Not sure how to post these two thoughts so I might as well combine them. In an ideal world, SBF should have been sentenced to thousands of years in prison. This is partially due to the enormous harm done to both FTX depositors and EA, but mainly for basic deterrence reasons; a risk-neutral person will not mind 25 years in prison if the ex ante upside was becoming a trillionaire. However, I also think many lessons from SBF's personal statements e.g. his interview on 80k are still as valid as ever. Just off the top of my head: * Startup-to-give as a high EV career path.
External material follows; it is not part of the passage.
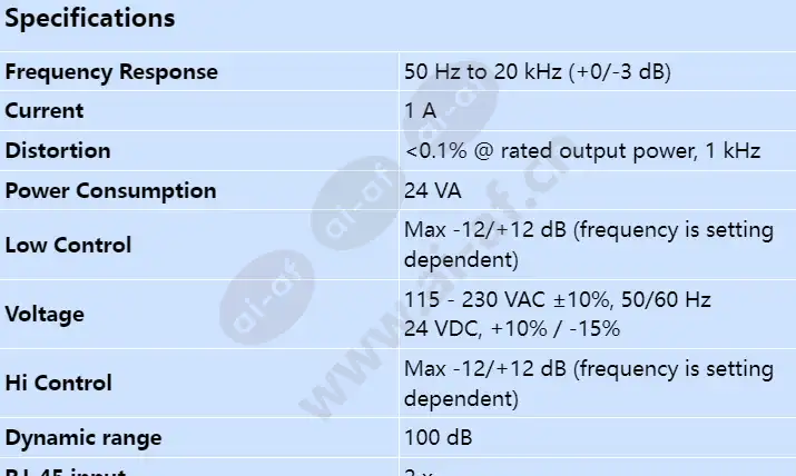 24 VDC, +10% / -15% Power consumption 24 VA Current 1 A Power consumption (maximum) 1 A Frequency response 50 Hz to 20 kHz (+0/-3 dB) Distortion <0.1% @ rated output power, 1 kHz Low Control Max -12/+12 dB (frequency is setting dependent) Hi Control Max -12/+12 dB (frequency is setting dependent) RJ-45 input 2 x Call station input For PLE-2CS(MM)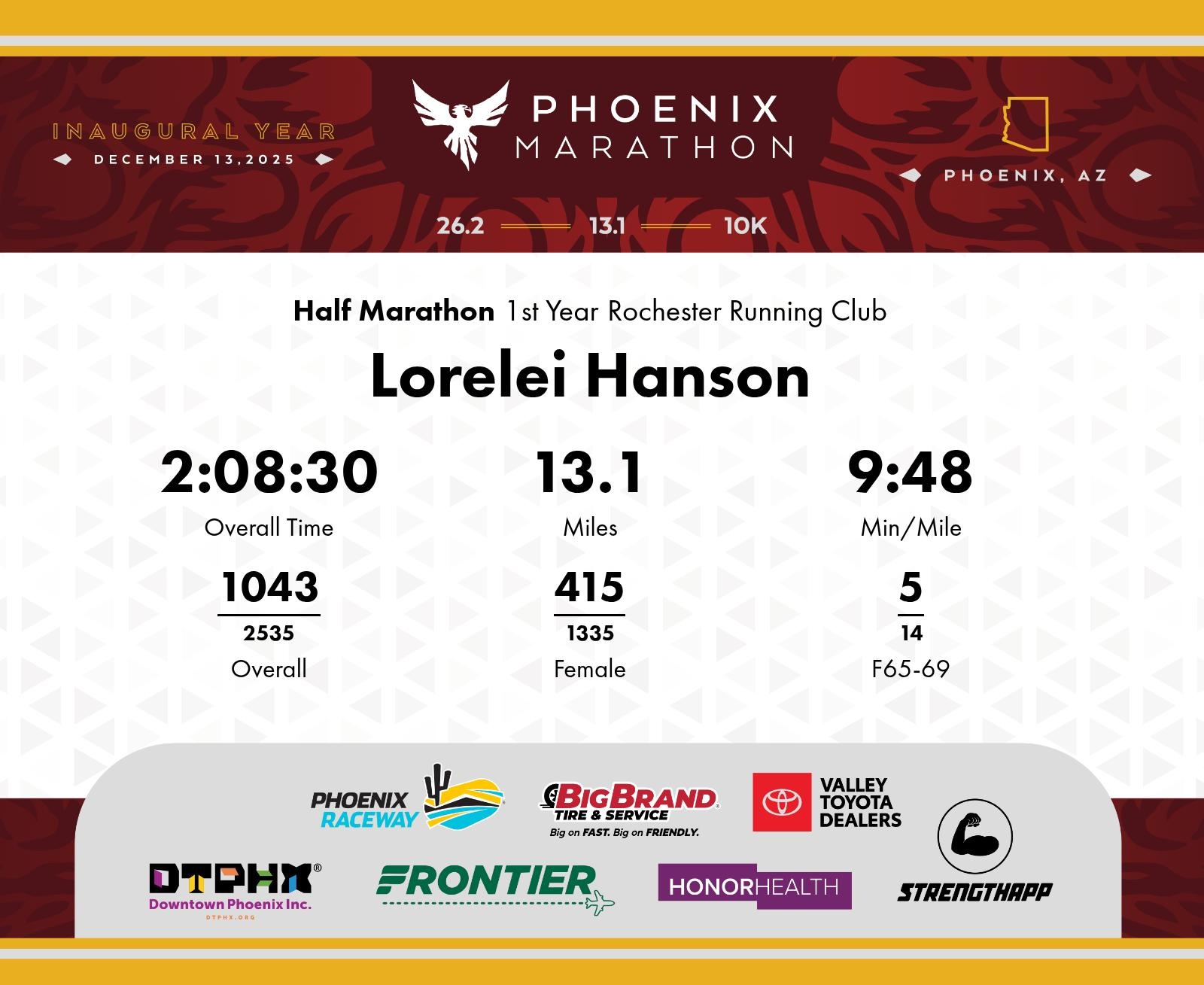 Date: Dec. 13, 2025 Participant: Lorelei Hanson #4595 Race: 2025 Phoenix Half Marathon Distance: 13.1 miles

Entrepreneurship is why we have OP and SFF! Perhaps also the importance of keeping as much equity as possible, although in the process one should not lie to investors or employees more than is standard. * Ambition and working really hard as success multipliers in entrepreneurship. * A career decision algorithm that includes doing a BOTEC and rejecting options that are 10x worse than others. * It is probably okay to work in an industry that is slightly bad for the world if you do lots of good by donating. [1] (But fraud is still bad, of course.) Just because SBF stole billions of dollars does not mean he has fewer virtuous personality traits than the average person. He hits at least as many multipliers than the average reader of this forum. But importantly, maximization is perilous; some particular qualities like integrity and good decision-making are absolutely essential, and if you lack them your impact could be multiplied by minus 20.     [1] The unregulated nature of crypto may have allowed the FTX fraud, but things like the zero-sum zero-NPV nature of many cryptoassets, or its negative climate impacts, seem unrelated. Many industries are about this bad for the world, like HFT or some kinds of social media. I do not think people who criticized FTX on these grounds score many points. However, perhaps it was (weak) evidence towards FTX being willing to do harm in general for a perceived greater good, which is maybe plausible especially if Ben Delo also did market manipulation or otherwise acted immorally. Also note that in the interview, SBF didn't claim his donations offset a negative direct impact; he said the impact was likely positive, which seems dubious.